Anthony George Letai is an American cancer researcher and oncologist serving as the director of the National Cancer Institute since 2025. He studies cell death in cancer, developing treatments, and identifying predictive biomarkers. Letai was a professor of medicine at Harvard Medical School and a medical oncologist at the Dana–Farber Cancer Institute.

== Education ==
Letai earned a B.A. in physics from Princeton University. He received an M.D. (1995) and Ph.D. (1993) from the University of Chicago Pritzker School of Medicine. He completed his Ph.D. on the molecular basis of heritable blistering diseases before residency in internal medicine at Brigham and Women's Hospital and a clinical fellowship in hematology and oncology at Dana–Farber Cancer Institute. Letai began his studies of programmed cell death in cancer in a post-doctoral fellowship before establishing his laboratory at Dana–Farber Cancer Institute to study how apoptosis can be evaded by cancer cells.

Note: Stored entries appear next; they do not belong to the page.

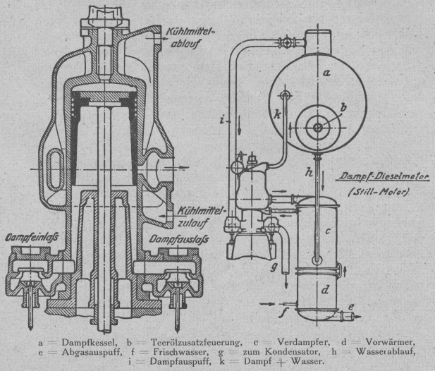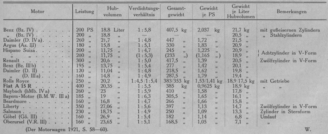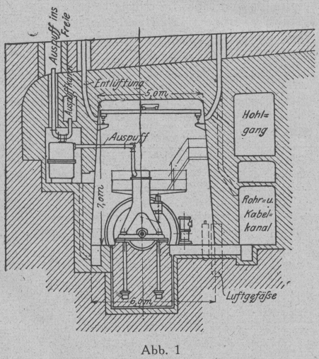 Polytechnische Schau. (Nachdruck der Originalberichte – auch im Auszuge – nur mit Quellenangabe gestattet.) Polytechnische Schau. Wärmekraftmaschinen. Fiat-Flugmotoren. Die bekannteste italienische Firma des Flugmotorenbaues sind die Fiat-Werke. Um bei Kriegsbeginn schnell und sicher einen brauchbaren Flugmotor bauen zu können, haben die Fiat-Werke in Turin zunächst den deutschen 100 PS-Mercedesmotor nachgebaut. Dieser Motor wird auch jetzt noch mit geringen Abänderungen als „Fiat A 10“ hergestellt. Auch der 240 PS-Fiatmotor „Fiat A 12“ erinnert hinsichtlich des allgemeinen Aufbaues an den deutschen Sechszylinder-Mercedes-Motor. Neuerdings hat die Firma einen neuen Flugmotor „Fiat A 15 R“ entworfen, dessen Leistung mit 400 PS angegeben wird. Die 12 Zylinder sind in zwei Reihen in V-Form angeordnet. Einschließlich der Ventile und der oben liegenden Steuerwellen ist der Motor ganz glatt verkleidet. Er erinnert dabei an den französischen Hispano Suiza-Motor. Die einzeln aus Stahl geschmiedeten Zylinder sind zu je drei in einem Block verschweißt. Jeder Zylinder hat vier Ventile. Der Antrieb der Steuerwellen geschieht durch Kegelräderpaare von der Mitte der Kurbelwelle aus. Die Kurbelwelle ist in 5 Gleitlagern mit Weißmetallausguß und in 2 Kugellagern an den beiden Enden gelagert. Die Kolben sind aus einer leichten Aluminiumlegierung hergestellt. Die Zylinderbohrung ist 120 mm, der Kolbenhub 150 mm. Das Vedichtungsverhältnis wird zu 5,5 angegeben, der mittlere Kolbenhub zu 7,7 kg/cm2. Die Kurbelwelle ist mit 58 mm hohlgebohrt. Durch die Bohrung kann mit einem Maschinengewehr hindurchgeschossen werden. Bei 1500 Uml./min. leistet er 400 PS, bei 2300 Umdrehungen dagegen wird die Leistung zu 425 PS. angegeben. Am Motor sind 4 Vergaser aus Aluminium angeordnet. Die Ansaugeleitung ist aus Stahlblech autogen geschweißt und ist so angeordnet, daß das Gemisch gut vorgewärmt wird. Der gewährleistete Brennstoffverbrauch wird zu 240 g PS-st, der gewährleistete Schmierölverbrauch zu 25 g PS-st angegeben. Für jeden Zylinder sind 2 Zündkerzen vorgesehen. Zur Beurteilung eines Flugmotors ist nicht nur das Gewicht für die Leistungseinheit, sondern auch das Gewicht je Liter Hubvolumen von Bedeutung. Die folgende Zusammenstellung enthält die dementsprechenden Vergleichsziffern bekannter Flugmotoren. Aus dieser Zusammenstellung geht hervor, daß hinsichtlich des Gewichtes je Liter Hubvolumen der Fiat A 15 R-Motor keine besseren Verhältnisse aufweist und mit den deutschen Motoren der letzten Zeit auf gleicher Stufe steht, aber dem Liberty-Motor, dem Sternmotor von Salmson und insbesondere den Umlaufmotoren unterlegen ist. Das Gewicht für 1 PS ist aber beim A 15 R-Motor am kleinsten. Der neue Motor muß aber erst im Dauerbetrieb seine Ueberlegenheit und Betriebssicherheit beweisen, was anderen Motoren, auch dem Hispano-Suiza-Motor, gegenüber den deutschen Motoren nicht gelungen ist. Textabbildung Bd. 336, S. 133 Motor; Leistung; Hubvolumen; Verdichtungsverhältnis; Gesamtgewicht; Gewicht je PS; Gewicht je Liter Hubvolumen; Bemerkungen; Benz (Bz. IV); Daimler (D. IV a); Argus (As. III); Hispano Suiza; Renault; Benz (Bz. III b); Daimler (D. II); Rolls Royce; Fiat A 15 R; Maybach (hMb. IV a); Bayern-Motor (B. M. W. III a); Beardmore; Liberty; Salmson; Göbel (Gö. III); Oberursel (V. R. III); mit gußeisernen Zylindern; mit Stahlzylindern; Achtzylinder in V-Form; Zwölfzylinder in V-Form; mit Getriebe; Zwölfzylinder in V-Form; Zylinder in Sternform; Umlauf. (Der Motorwagen 1921, S. 58–60). W. Dieselmaschinen für Festungswerke. Bei richtig arbeitender Maschine sind die Auspuffgase farblos und können an jeder Stelle des Festungswerkes abgeleitet werden. Da die Dieselmaschinen sehr betriebssicher arbeiten und die Explosionsgefahr des Brennstoffes und Schmieröles hierbei eine sehr geringe ist, so können die Maschinen in bombensicheren Zentralen angeordnet werden. Bereits im Jahre 1908 erhielt die Helgoländer Verteidigungsanlage als erste ihrer Art Dieselmaschinen. Die dann weiter ausgebaute Anlage hat während des Krieges die Gegner in vorsichtigem Abstande von Helgoland gehalten. Sie ist nach dem Diktate von Versailles dem Abbruche verfallen. Zu den vier Doppeltürmen (mit je zwei 30,5 cm Flachbahngeschützen), die in zwei Gruppen mit je 2 Türmen angelegt sind, gehören zwei bombensicher angelegte Maschinenzentralen. Die zwei Anlagen sind dazu bestimmt, das für den hydraulischen Antrieb der Türme notwendige Druckwasser zu liefern und die gesamten Werkanlagen, Türme, Munitions- und Mannschaftsräume, Kraftzentralen mit Beleuchtung und Lüftung zu versorgen. Für die gesamten Anlagen sind 5 Pumpwerke vorgesehen. Jede Dieselmaschine leistet bei 165 Uml/min. 345 PS. Zur Maschinenanlage gehören außerdem noch eine Dieseldynamo von 90 PS bei 200 Uml min., eine von 250 PS bei 160 Uml min. und eine solche von 150 PS bei 300 Uml min. Während des Krieges ist noch eine 300 PS und eine 250 PS-Maschine aufgestellt worden. Die Anlagen waren im Stande, 940 kW zu erzeugen. Die elektrischen Maschinen wurden von den Siemens-Schuckert-Werken geliefert. Textabbildung Bd. 336, S. 134 Abb. 1. Für die Bemessung der Pumpwerke war der Druckwasserbedarf der Türme maßgebend. Bei einer Feuergeschwindigkeit von 3,5 Schuß für Rohr und Minute sind 37 l sek. notwendig. Der Wasserdruck ist 60 at. Somit ergibt sich eine Pumpenleistung von 239 PSe und eine Maschinenleistung von 345 PSe. Die Abb. 1 zeigt das Querprofil der Zentrale. Die Zentrale ist 70 m lang, 7 m hoch und unten 6 m breit. Der Laufkran hat eine Tragfähigkeit von 3000 kg. Der Raum für die Zentrale wurde durch Sprengung erhalten. Die im Juli 1914 in Helgoland ausgeführten Abnahmeversuche bei einer 150 PSe Dieseldynamo ergaben bei Vollast einen Brennstoffverbrauch von 195 g für 1 PSe/st. Der Einblasedruck betrug 60 at. Abb. 2 zeigt das Diagramm für die Dieselmaschine und für die Pumpe bei Vollast. Die Pumpenleistung wurde dabei
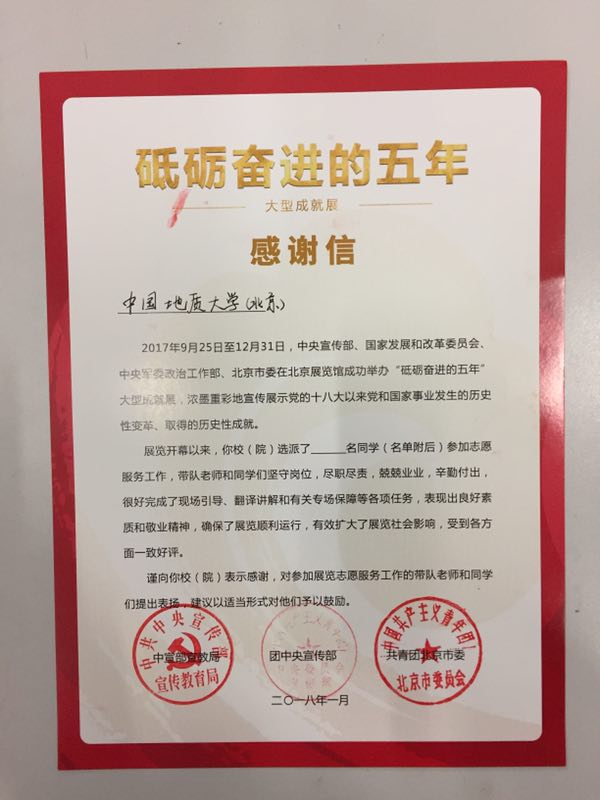 近日,中宣部宣教局、团中央宣传部以及共青团北京市委向我校2017年“砥砺奋进的五年”大型成就展志愿活动19名志愿者发来感谢信,充分肯定了我校志愿者对本次活动的突出贡献,高度赞扬了我校志愿者在本次志愿服务中的优良作风。
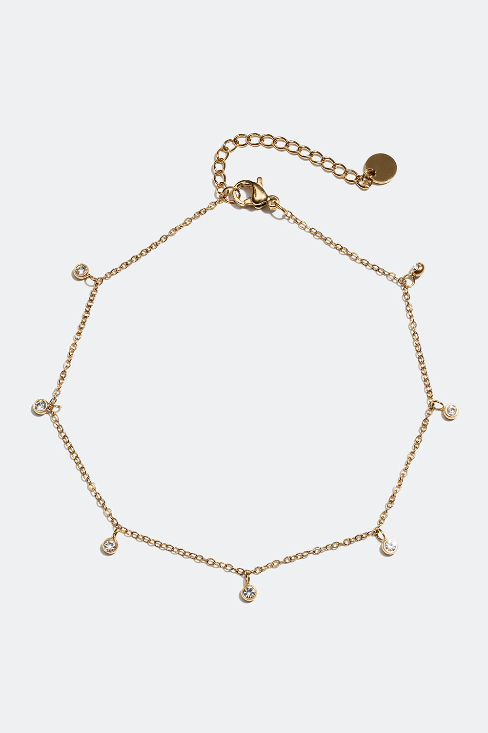 Fotlänk i stål med 18k guld med Cubic Zirconia stenar i gruppen 18k guldpläterat stål / Fotlänkar i stål hos Glitter (209000332002)

He founded the Society for Functional Precision Medicine (SFPM) dedicated to improve patient care and outcomes by facilitating implementation of functional assays into clinical cares. He served as President of the SFPM until becoming NCI Director in 2025.

== Personal life ==
Letai and his wife, Jean, have three children. Their daughter, Julie is a member of U.S. Speedskating's Short Track World Tour Team, and represented Team USA at the 2022 and 2026 Winter Olympics.